Task requirements >>
Omit all pictures. Reproduce exactly the lines from the first line of the records below through the line with "BIOLOGY MISC Biomolecules".

════════

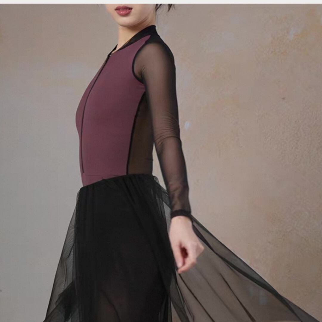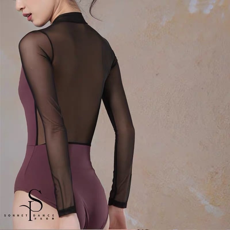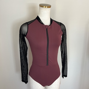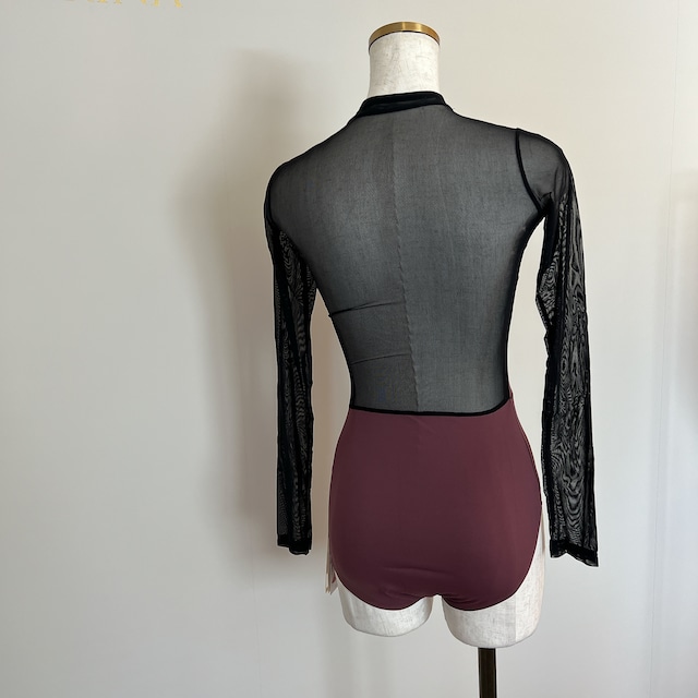 バックシースルー ジップアップ ロングスリーブ バレエレオタード(プラムボルドー)
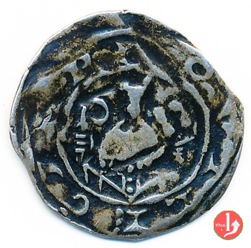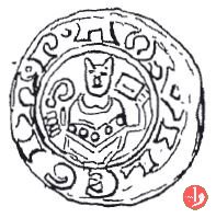 Denaro Dritto: AQVILEGIA (globetto) P (globetto), busto frontale del Patriarca con pastorale nella mano destra e libro nella sinistra Verso: Tempio con due torri con un globetto sopra ciascuna delle tre cuspidi; in alto croce e in esergo globetto | |
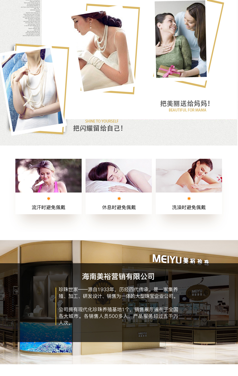 - 珍珠世家,代代相传。美裕珍珠,1933年起源于印尼,成长于海南岛。依托海南资源优势和自身专业优势,以经营南珠、南洋珠为主,专注于珍珠文化的挖掘和传播,把珍珠代表的爱意,永不间断地传承下去。
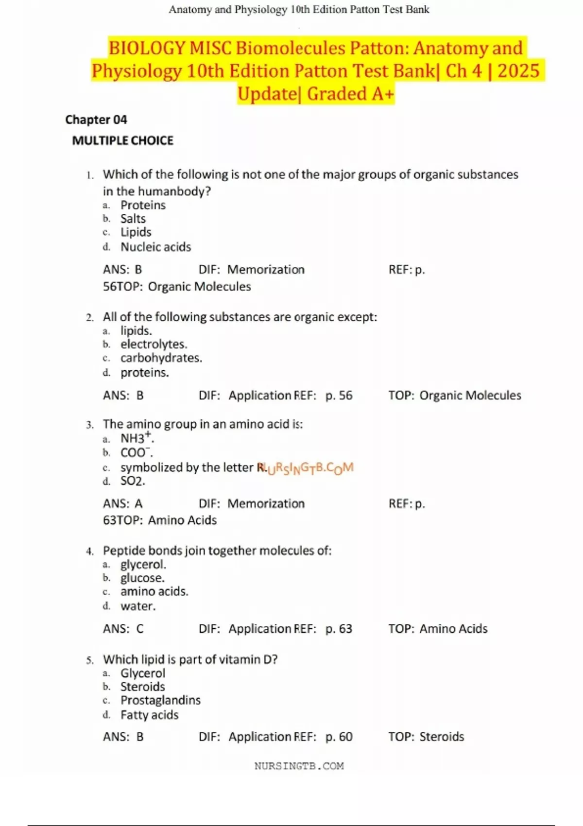 BIOLOGY MISC Biomolecules Patton- Anatomy and Physiology 10th Edition Patton Test Bank. Ch 4 2025 Update Graded A+
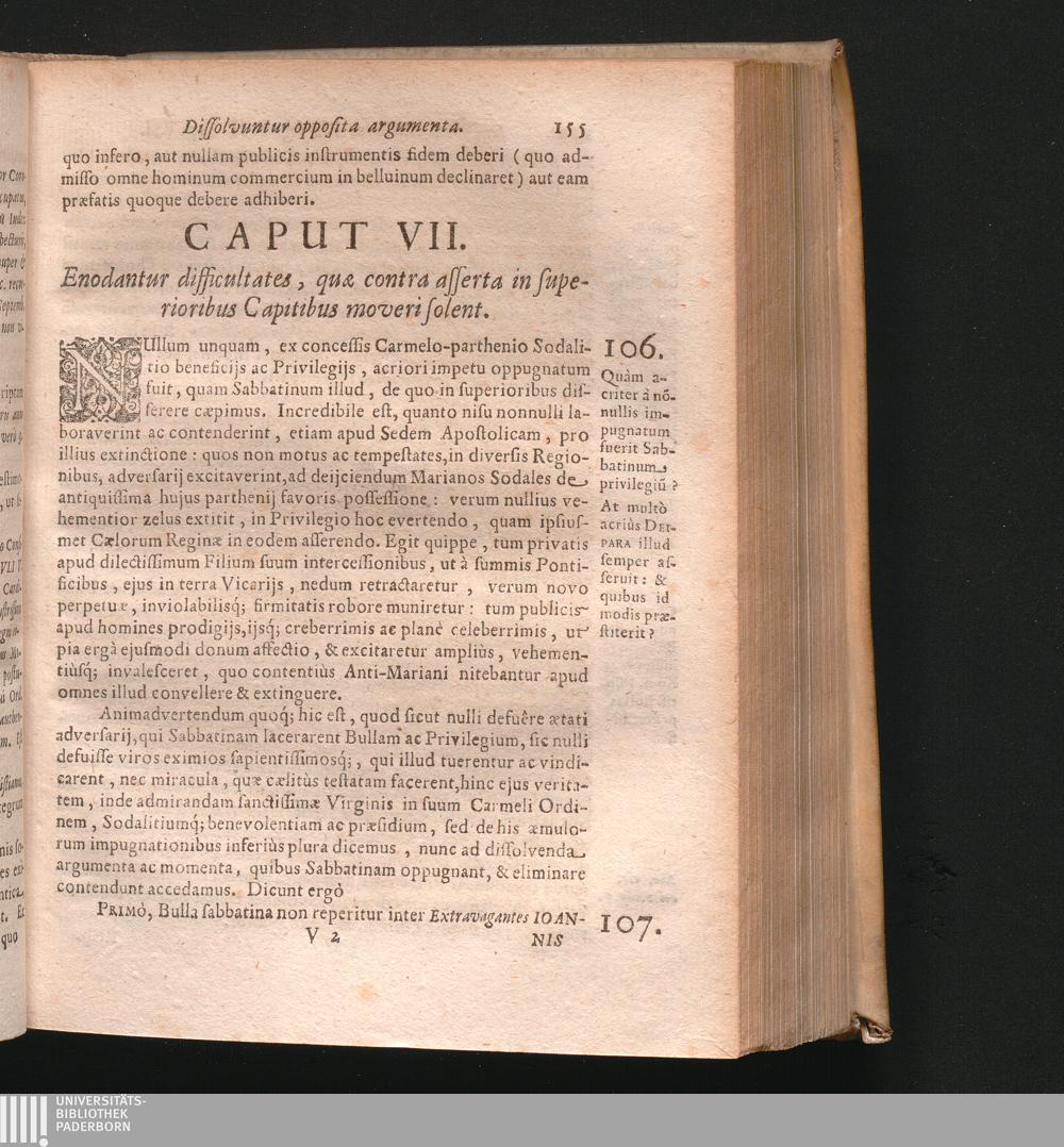 Clavis Aurea Thesauri Partheno-Carmelitici, Sive Dissertatio Historico-Theologica, Referans atque Exponens Antiquitatem & originem, confirmationem ac propagationem, beneficia ac privilegia, gratias & indulgentias, munera & obligatione celeberrimae Confraternitatis Scapularis Mariani Dei parae Virginis de monte Carmelo : Per Quam Etiam ... Theologorumq[ue] selectiores opiniones ... declaratur / Authore R.P. Paulo Ab Omnibus Sanctis, Carmelita Excalceato, Provinciae Germaniae Definitore
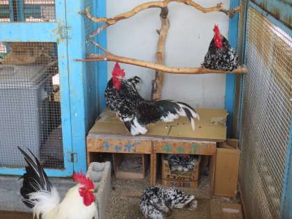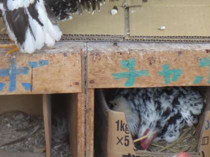 2羽ともお母さんチャボのそばをはなれませんが、人が見ていないところで、ひよこたちは元気にえさを食べています。
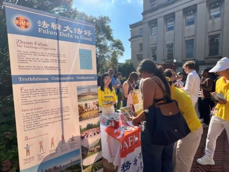 <英文版: https://en.minghui.org/html/articles/2025/9/10/229764.html>哥伦比亚大学秋季开学日校内外弘法讲真相

════════

Solution >>
 バックシースルー ジップアップ ロングスリーブ バレエレオタード(プラムボルドー)
 Denaro Dritto: AQVILEGIA (globetto) P (globetto), busto frontale del Patriarca con pastorale nella mano destra e libro nella sinistra Verso: Tempio con due torri con un globetto sopra ciascuna delle tre cuspidi; in alto croce e in esergo globetto | |
 - 珍珠世家,代代相传。美裕珍珠,1933年起源于印尼,成长于海南岛。依托海南资源优势和自身专业优势,以经营南珠、南洋珠为主,专注于珍珠文化的挖掘和传播,把珍珠代表的爱意,永不间断地传承下去。
 BIOLOGY MISC Biomolecules Patton- Anatomy and Physiology 10th Edition Patton Test Bank. Ch 4 2025 Update Graded A+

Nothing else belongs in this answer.